Hochmut der Liberaldemokraten
Hinzu kam die verhängnisvolle Entscheidung von Jo Swinson, der Vorsitzenden der Liberaldemokraten, die Neuwahlen zu unterstützen. Zu jenem Zeitpunkt hatte Boris Johnson die Mehrheit im Parlament verloren. Er kam mit dem Brexit nicht voran, ein ungeregelter Austritt war vom Parlament per Gesetz ausgeschlossen worden. Ohne Unterstützung der Opposition konnte er keine Neuwahlen ausrufen und steckte damit in der gleichen Sackgasse wie zuvor Theresa May.
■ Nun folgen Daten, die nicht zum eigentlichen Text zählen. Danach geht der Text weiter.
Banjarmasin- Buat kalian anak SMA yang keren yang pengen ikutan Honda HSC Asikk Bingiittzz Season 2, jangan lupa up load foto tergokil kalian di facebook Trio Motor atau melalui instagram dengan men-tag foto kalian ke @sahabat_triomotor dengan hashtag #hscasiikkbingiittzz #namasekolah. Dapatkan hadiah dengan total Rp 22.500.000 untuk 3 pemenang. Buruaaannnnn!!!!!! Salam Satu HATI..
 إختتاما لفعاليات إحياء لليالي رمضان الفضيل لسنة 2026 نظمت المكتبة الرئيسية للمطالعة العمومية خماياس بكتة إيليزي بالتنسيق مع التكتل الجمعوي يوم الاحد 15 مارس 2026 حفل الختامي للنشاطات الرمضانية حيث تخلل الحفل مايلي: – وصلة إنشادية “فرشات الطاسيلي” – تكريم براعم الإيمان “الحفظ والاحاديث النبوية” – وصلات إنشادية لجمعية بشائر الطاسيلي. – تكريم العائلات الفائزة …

Viele Anhänger des zweiten Referendums hofften, dass sie ihr Ziel erreichten, wenn das Chaos nur lange genug andauerte und Johnson geschwächt würde. Swinson hoffte hingegen darauf, dass ihre Partei als klar pro-europäische Kraft bei Neuwahlen viele zusätzliche Sitze im Parlament gewinnen würde: bei den Europawahlen im Mai waren die Liberaldemokraten noch zweitstärkste Kraft geworden. Doch im Dezember scheiterten sie am britischen Wahlsystem, das den beiden großen Parteien Vorteile verschafft. Jo Swinson verlor in ihren Wahlkreis und trat zurück.
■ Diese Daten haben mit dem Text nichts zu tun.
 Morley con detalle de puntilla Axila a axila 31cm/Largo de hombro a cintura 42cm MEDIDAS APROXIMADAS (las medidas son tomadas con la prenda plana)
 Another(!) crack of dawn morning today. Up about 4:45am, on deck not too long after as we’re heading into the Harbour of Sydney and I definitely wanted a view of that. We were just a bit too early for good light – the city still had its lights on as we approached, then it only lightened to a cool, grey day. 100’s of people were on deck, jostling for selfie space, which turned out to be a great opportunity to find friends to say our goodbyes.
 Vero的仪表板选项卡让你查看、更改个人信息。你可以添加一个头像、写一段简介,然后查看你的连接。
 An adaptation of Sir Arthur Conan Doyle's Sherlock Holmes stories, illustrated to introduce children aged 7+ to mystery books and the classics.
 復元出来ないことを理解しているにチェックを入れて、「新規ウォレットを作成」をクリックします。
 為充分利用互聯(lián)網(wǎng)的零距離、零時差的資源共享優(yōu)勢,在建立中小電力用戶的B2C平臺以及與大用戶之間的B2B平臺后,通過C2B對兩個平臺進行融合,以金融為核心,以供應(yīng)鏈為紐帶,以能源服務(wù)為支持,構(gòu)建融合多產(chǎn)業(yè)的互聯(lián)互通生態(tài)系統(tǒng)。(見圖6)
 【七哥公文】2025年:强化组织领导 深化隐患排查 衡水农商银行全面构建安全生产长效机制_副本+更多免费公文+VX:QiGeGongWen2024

Individuelle Fehler im Remain-Lager
„Das war eine verrückte Reihe von falschen Entscheidungen“, sagt Richard Brooks von der Jugendgruppe For Our Future’s Sake. „Unsere Generation setzte ihre Hoffnungen auf die Kampagne für das zweite Referendum“. Für die Entscheidung von Rudd habe er keine Erklärung und die Entscheidung von Swinson erklärt er mit Hybris. Die Neuwahl seien von Anfang an keine gute Methode gewesen, den Brexit zu stoppen. „Boris Johnson machte sie zu einer Wahl zwischen ihm und Jeremy Corbyn, dem unpopulärsten Oppositionsführer in der Geschichte und diese Karte spielte er sehr gut“, meint Brooks.
Dazu kam, dass die Stimmen der Pro-Europäer bei den Wahlen zwischen den Liberaldemokraten und der Labour-Partei verteilt waren. Mehrere Plattformen lieferten Ratschläge für die taktische Abstimmung gegen die Konservative Partei im jeweiligen Wahlkreis, doch erfolgreich war diese Strategie nicht.
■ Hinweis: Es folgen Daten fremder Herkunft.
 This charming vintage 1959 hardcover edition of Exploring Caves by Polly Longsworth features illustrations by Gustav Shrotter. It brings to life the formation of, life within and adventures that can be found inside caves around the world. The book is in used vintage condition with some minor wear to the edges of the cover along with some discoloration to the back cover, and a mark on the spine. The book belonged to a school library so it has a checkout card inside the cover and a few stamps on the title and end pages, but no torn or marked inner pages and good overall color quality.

Eine der Lektionen, die sich aus der Brexit-Geschichte ableiten lässt, könnte so lauten: individuelle Entscheidungen einzelner Akteure können viel Unheil anrichten. Das gilt sowohl für die Vorgeschichte des Brexit-Referendums, als auch für den Niedergang der Kampagne für das zweite Referendum.
Die beiden jungen Aktivisten aus For Our Future’s Sake wollen aber auch eine positive Lektion mitnehmen. Sie wissen jetzt, dass es möglich ist, innerhalb kurzer Zeit eine breite und populäre Kampagne aufzubauen und Menschen zu mobilisieren. Sie mögen jetzt verärgert und enttäuscht sein, doch sie bleiben den Werten einer offenen Gesellschaft treu, auch in einem Großbritannien nach dem Brexit. „Wir hatten beeindruckende junge Aktivisten“, sagt Brooks. „Viele von ihnen werden in 10, 20 oder 30 Jahren im Zentrum des Geschehens in der Politik und der Zivilgesellschaft sein.“ Er hofft, dass sie dann in den wichtigen Momenten bessere Entscheidungen treffen werden.